安川薬剤管理官は、「物価高騰が続く中で、今回も多くの品目で不採算品再算定の適用を求める声があった。現行ルールを当てはめてしまうと、限定的な品目となってしまうことから、不採算品再算定のルールのうち、“全ての類似薬について該当する場合に限る”との規定は適用しないこととした。ただし、これまでの議論の経緯を踏まえ、適正価格で販売せずに、乖離率が大きい品目については、中医協でも何のために薬価を引上げたのか、納得感が得られないため、昨年度の薬価調査結果の平均乖離率をもとに、乖離率が7%超の品目を除外することにした」と説明する。

◎不採算で薬価引上げも一括で安く購入は「医薬品の価値を無視している」

「中医協でも、2023年度の中間年改定の議論に端を発し、医薬品の価値に見合わない取引による“過度な薬価差”が問題視されてきた。薬価を引上げても流通の段階で乖離率が大きくなってしまうのであれば、誰のために保険財源を使って引上げたのかわからなくなる。製薬企業のためではなく、薬価差を得た購入者側のためになっているのではないかという指摘もあった」と説明する。

そのうえで、「今後のメッセージにもつながると考えているが、流通段階で、製薬企業はもちろん、医薬品卸、医療機関・薬局など、すべての流通当事者が医薬品の価値を理解したうえで取引を行う必要がある。採算が合わないから薬価を引上げているにもかかわらず、一括して安く購入しているのであれば、医薬品の価値を無視していることになってしまう」と強調した。

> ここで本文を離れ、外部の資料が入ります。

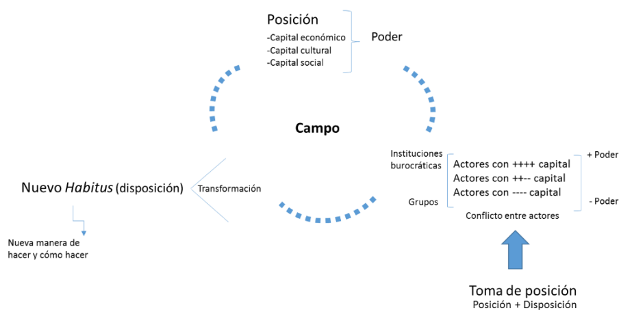
Figura 1. Elementos de la estructura del campo y condiciones necesarias para su reconfiguración

Elaboración a partir de la teoría de Bourdieu (Oliveira, 2016)

現在、「医療用医薬品の流通改善に向けて流通関係者が遵守すべきガイドライン」の改訂に向けて、不採算品再算定品目を含む医療上の必要性高い品目については、安定供給を確保する観点から、「価格交渉の段階から別枠」として、「個々の医薬品の価値を踏まえた単品単価交渉とすること」を盛り込むことが検討されている。安川薬剤管理官は、「そうした意識をもって流通に取り組むことが重要だ。医療機関や薬局も、数千品目ある中で、すべてを単品単価交渉することは大変だと思うが、スライド交渉や、ベンチマークを用いた交渉などは買い叩いているようにしか見えない。基礎的医薬品のルールにもあるが、平均乖離率を一つの要件として、薬価を下支えするルールについて考えるのは一定の理があるのではないかと思う」と話した。